Duplicates & Repeats
Repeated values / repeated states
Decide whether duplicates should be merged, skipped, or counted explicitly.
Extreme Constraints
Largest constraint values
Re-check complexity target against constraints to avoid time-limit issues.
Invalid / Corner Shape
Empty collections, zeros, or disconnected structures
Handle special-case structure before the core algorithm path.
Step 05

Full Annotated Code

Source-backed implementations are provided below for direct study and interview prep.

// Accepted solution for LeetCode #2791: Count Paths That Can Form a Palindrome in a Tree
class Solution {
    private List<int[]>[] g;
    private Map<Integer, Integer> cnt = new HashMap<>();
    private long ans;

    public long countPalindromePaths(List<Integer> parent, String s) {
        int n = parent.size();
        g = new List[n];
        cnt.put(0, 1);
        Arrays.setAll(g, k -> new ArrayList<>());
        for (int i = 1; i < n; ++i) {
            int p = parent.get(i);
            g[p].add(new int[] {i, 1 << (s.charAt(i) - 'a')});
        }
        dfs(0, 0);
        return ans;
    }

    private void dfs(int i, int xor) {
        for (int[] e : g[i]) {
            int j = e[0], v = e[1];
            int x = xor ^ v;
            ans += cnt.getOrDefault(x, 0);
            for (int k = 0; k < 26; ++k) {
                ans += cnt.getOrDefault(x ^ (1 << k), 0);
            }
            cnt.merge(x, 1, Integer::sum);
            dfs(j, x);
        }
    }
}
Step 06

Interactive Study Demo

Use this to step through a reusable interview workflow for this problem.

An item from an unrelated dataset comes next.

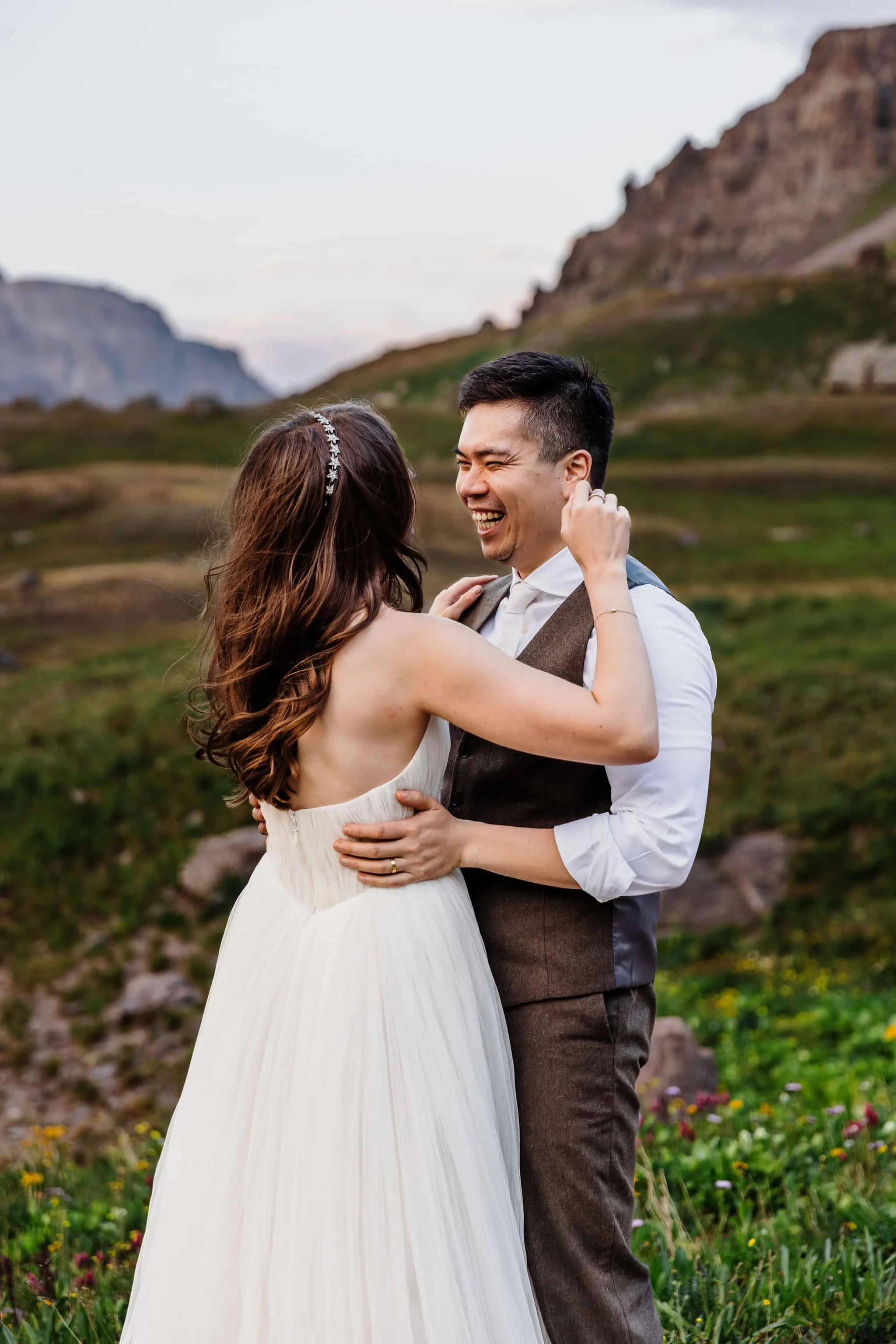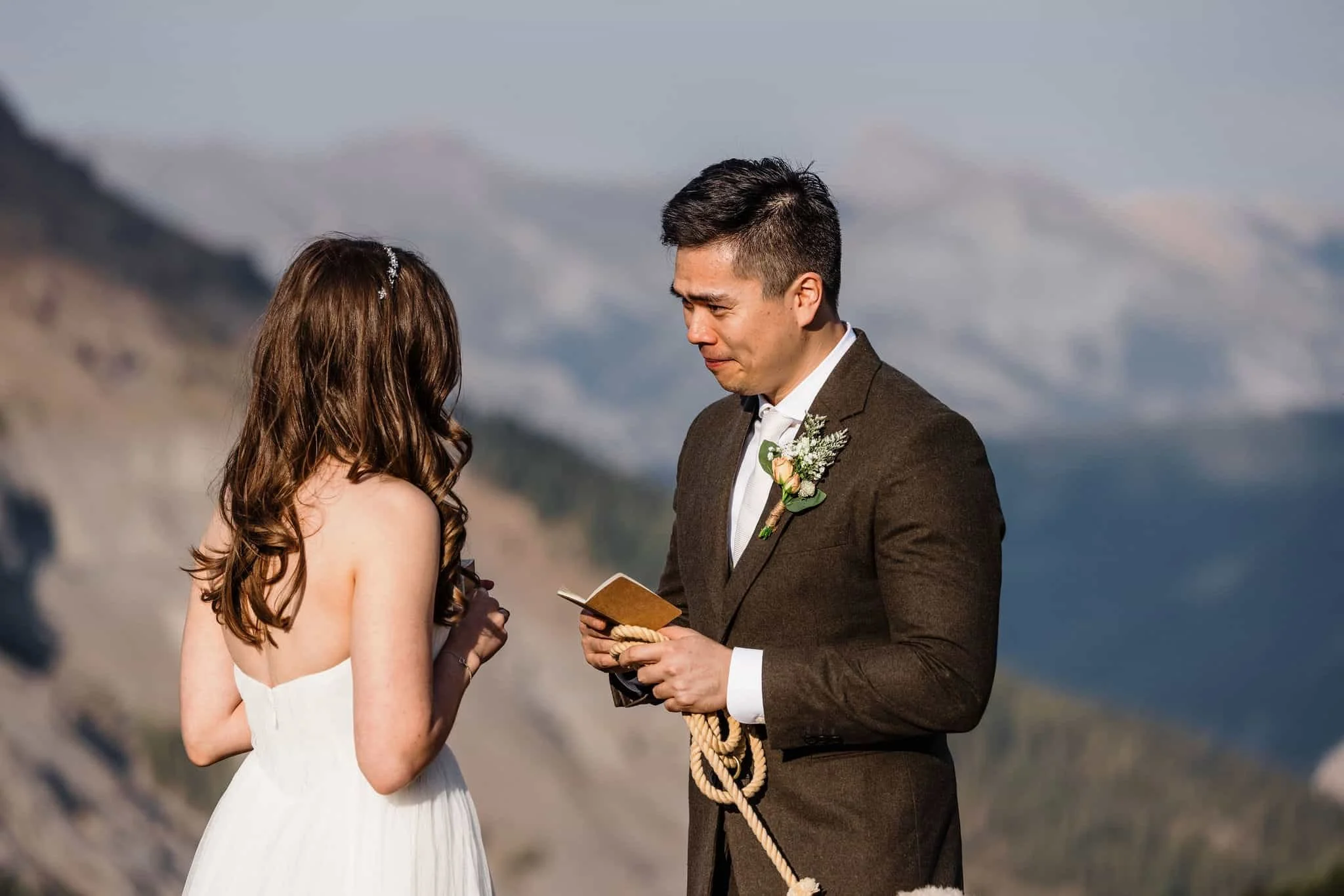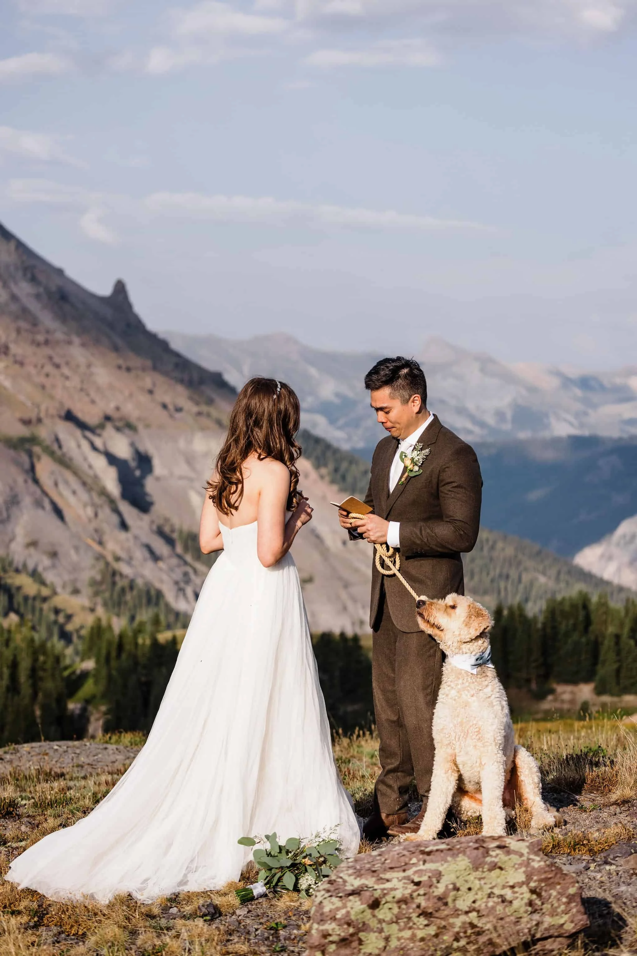Next, we headed to a second alpine lake, this one with grand views of the surrounding mountains. Then, finally, it was time for their ceremony. We drove higher into the mountains to a location with incredible views in all directions. We hiked out to the edge of the mountain and they exchanged their vows with no other people in sight.

Press Step or Run All to begin.
Step 07

Complexity Analysis

Time
O(n × m)
Space
O(n × m)

Approach Breakdown

RECURSIVE
O(2ⁿ) time
O(n) space

Pure recursion explores every possible choice at each step. With two choices per state (take or skip), the decision tree has 2ⁿ leaves. The recursion stack uses O(n) space. Many subproblems are recomputed exponentially many times.

DYNAMIC PROGRAMMING
O(n × m) time
O(n × m) space

Each cell in the DP table is computed exactly once from previously solved subproblems. The table dimensions determine both time and space. Look for the state variables — each unique combination of state values is one cell. Often a rolling array can reduce space by one dimension.

Shortcut: Count your DP state dimensions → that’s your time. Can you drop one? That’s your space optimization.
Coach Notes

Common Mistakes

Review these before coding to avoid predictable interview regressions.

State misses one required dimension

Wrong move: An incomplete state merges distinct subproblems and caches incorrect answers.

Usually fails on: Correctness breaks on cases that differ only in hidden state.

Fix: Define state so each unique subproblem maps to one DP cell.

Forgetting null/base-case handling

Wrong move: Recursive traversal assumes children always exist.

Usually fails on: Leaf nodes throw errors or create wrong depth/path values.

Fix: Handle null/base cases before recursive transitions.